Gaining trust requires respect within your team, whether it’s a group of managers, service providers or a board of directors, trust and respect are imperative. Earning trust and respect is an art form and the linchpin of leadership.
So what do trust and respect look and sound like?
It’s a tough question in the age of divisive politics, shouting TV talking heads and social media trolls. There’s not a whole lot of trust and respect being modeled or earned. Joann Lublin’s 5/3/17 Wall Street Journal article, How Millennial Bosses Can Gain Trust, cites some answers that are no different from how anyone earns trust—by giving and gaining respect. I continue to beat this drum. Lublin has to remind Millennials because they came of age in the digital era that they are more likely to be connected through their devices but may be physically or emotionally distant. Budding Millennial leaders’ reference points to physically, verbally and emotionally gaining trust and respect may not be obvious.
In teaching collaborative negotiation for any professional setting, I talk a lot about gaining trust and respect. I take the corollary a step further by tying gaining respect to vulnerability. They are interconnected. I often bet my student and professional clients that in seeking respect they can and must make themselves more vulnerable than they believe is safe. Doing so will serve them well.

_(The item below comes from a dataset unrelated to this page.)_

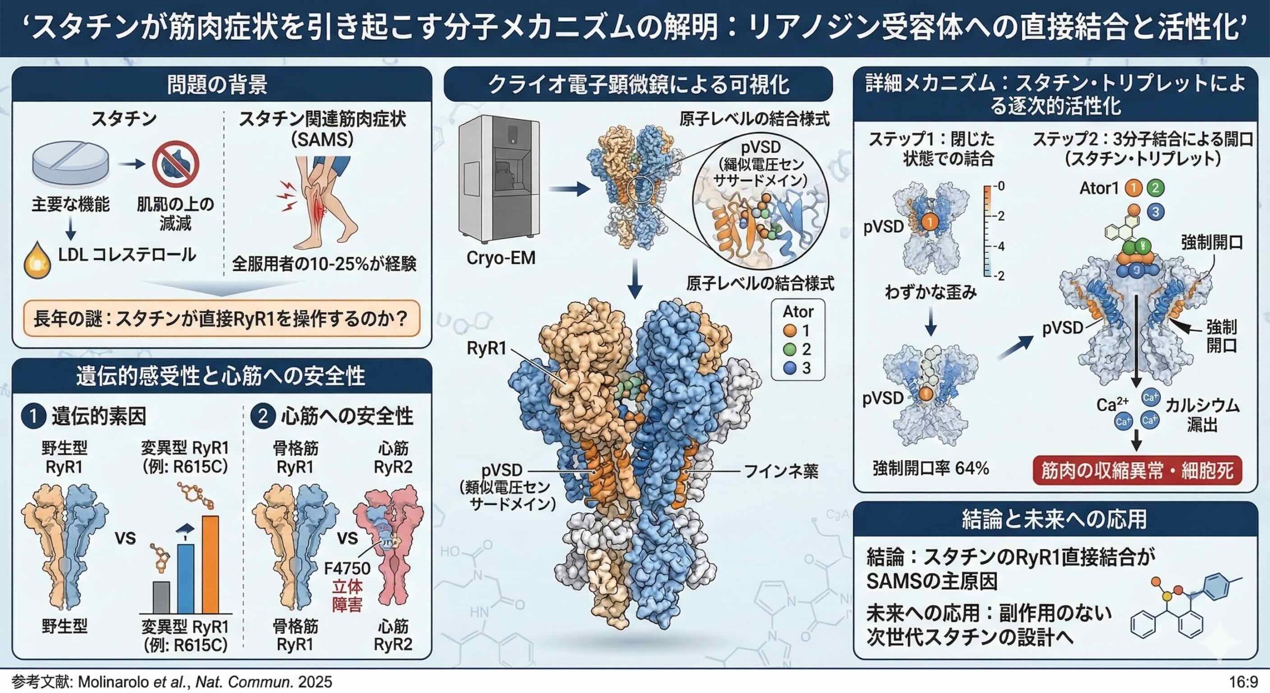 脂質異常症治療において、スタチンは心血管疾患リスクを劇的に低下させる「21世紀の特効薬」として君臨しています。現在、世界中で2億人以上の患者に処方されていますが、その輝かしい功績の影で、長年議論されてきたのがスタチン関連筋肉症状(SAMS)です。全服用者の10%から25%が、軽度の筋肉痛から致死的な横紋筋融解症に至るまで、何らかの筋肉トラブルを経験しています。これまでの研究で、骨格筋のカルシウム放出を司るリアノジン受容体1型(RyR1(Ryanodine Receptor 1 ))の遺伝子変異がスタチン不耐症と相関することは知られていましたが、スタチンがRyR1に直接結合し、その機能を操作しているのかという点については、決定的な証拠が欠けていました。

We walk around as defensive beings and it’s no wonder given the heads and trolls. Being the leader and gaining trust and respect requires that you show your hand first and open the door to vulnerability. Also required are honesty and active collaboration using neutral language and losing the spin and half-truths.
Lublin and I agree the first step is to get out of your office and have face-to-face, collaborative conversations. Here are some other tips: ask those whose trust you seek “what does success look like for you and how can I help you get there?” Tell the other what keeps you up at night (the vulnerability lies in your reveal that you, too, have nagging thoughts) and offer to partner toward your respective successes.
Technology encourages, simultaneously blunts and gives rise to the distrustful, disrespectful talking heads and trolls. Tech and TV fall short on deep human connection. Put your cards on the table and speak straight up facing your organizational partners. You will not only gain trust and respect and you will also feel better because you are human and need to connect with other humans in a humane way. Trust me, this brand of leadership will fill your soul and improve your professional trajectory.